-- STORED DATA follows --

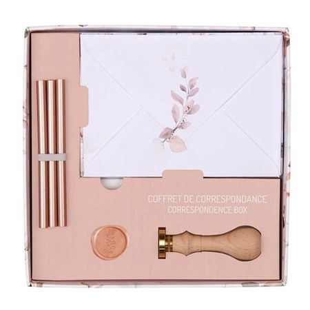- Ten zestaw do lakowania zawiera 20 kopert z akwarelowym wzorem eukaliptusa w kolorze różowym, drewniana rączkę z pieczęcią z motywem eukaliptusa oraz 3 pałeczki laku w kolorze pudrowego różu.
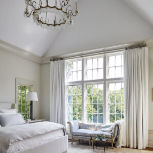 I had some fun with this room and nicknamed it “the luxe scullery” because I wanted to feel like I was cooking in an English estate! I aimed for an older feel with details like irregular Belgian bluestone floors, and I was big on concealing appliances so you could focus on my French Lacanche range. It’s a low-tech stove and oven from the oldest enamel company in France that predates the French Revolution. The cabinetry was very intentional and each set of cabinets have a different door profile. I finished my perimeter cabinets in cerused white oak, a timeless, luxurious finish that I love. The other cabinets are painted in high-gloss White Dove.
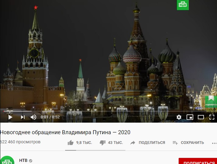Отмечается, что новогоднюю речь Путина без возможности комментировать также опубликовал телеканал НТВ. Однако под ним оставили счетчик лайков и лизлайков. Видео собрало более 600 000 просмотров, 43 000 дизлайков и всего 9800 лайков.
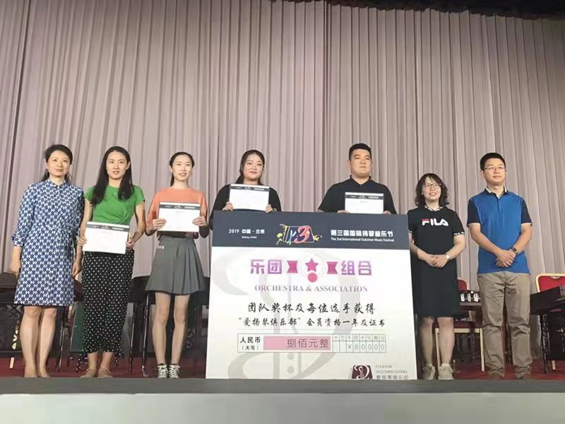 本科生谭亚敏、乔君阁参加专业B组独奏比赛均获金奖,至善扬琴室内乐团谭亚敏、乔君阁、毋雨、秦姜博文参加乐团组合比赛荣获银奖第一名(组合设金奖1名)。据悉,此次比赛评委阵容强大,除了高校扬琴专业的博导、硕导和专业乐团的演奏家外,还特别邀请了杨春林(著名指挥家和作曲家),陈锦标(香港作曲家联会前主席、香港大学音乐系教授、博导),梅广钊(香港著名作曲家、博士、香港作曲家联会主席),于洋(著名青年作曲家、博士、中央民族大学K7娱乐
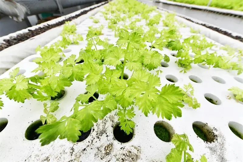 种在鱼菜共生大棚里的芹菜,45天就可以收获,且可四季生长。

-- STORED DATA concluded --
-- STORED DATA follows --

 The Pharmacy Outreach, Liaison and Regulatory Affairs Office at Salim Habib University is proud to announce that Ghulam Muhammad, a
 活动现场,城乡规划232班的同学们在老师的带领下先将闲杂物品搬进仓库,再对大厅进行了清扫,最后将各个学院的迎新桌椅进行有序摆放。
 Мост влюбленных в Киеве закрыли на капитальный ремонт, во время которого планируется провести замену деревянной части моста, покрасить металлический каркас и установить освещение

-- STORED DATA concluded --
-- STORED DATA follows --

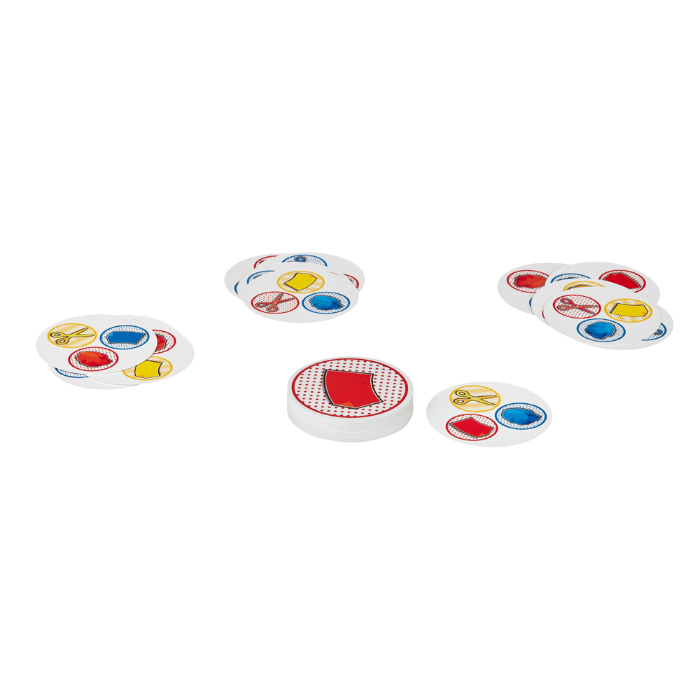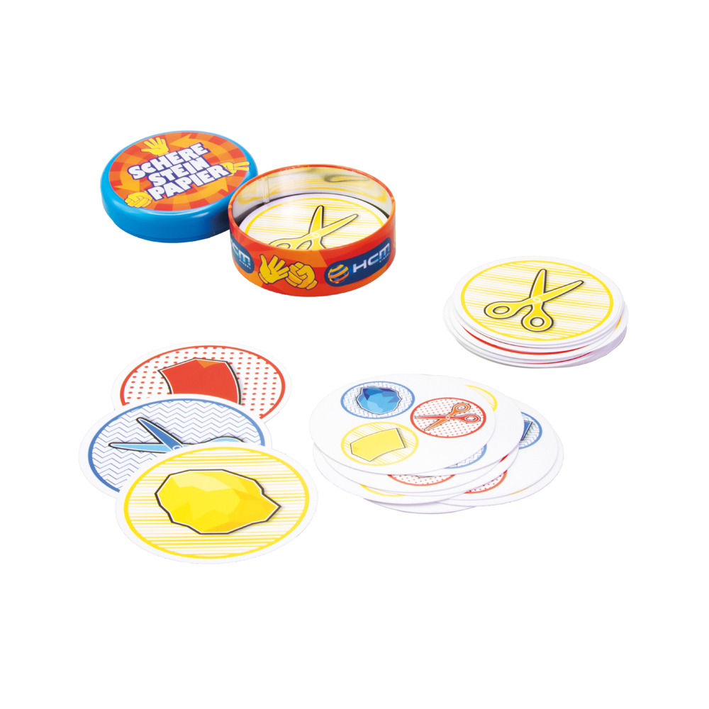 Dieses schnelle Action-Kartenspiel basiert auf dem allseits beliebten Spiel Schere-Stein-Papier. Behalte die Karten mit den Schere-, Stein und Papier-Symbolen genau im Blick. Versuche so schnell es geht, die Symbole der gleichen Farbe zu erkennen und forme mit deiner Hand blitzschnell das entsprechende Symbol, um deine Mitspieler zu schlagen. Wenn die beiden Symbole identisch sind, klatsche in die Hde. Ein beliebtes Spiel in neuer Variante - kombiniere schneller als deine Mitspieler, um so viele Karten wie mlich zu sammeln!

-- STORED DATA concluded --

→ WHAT IS NEEDED: Working from the material above, retype exactly the lines from the one with "活动现场,城乡规划232班的" through the one with "Мост влюбленных в", both included, and only those lines.

→ RESPONSE BELOW:
 活动现场,城乡规划232班的同学们在老师的带领下先将闲杂物品搬进仓库,再对大厅进行了清扫,最后将各个学院的迎新桌椅进行有序摆放。
 Мост влюбленных в Киеве закрыли на капитальный ремонт, во время которого планируется провести замену деревянной части моста, покрасить металлический каркас и установить освещение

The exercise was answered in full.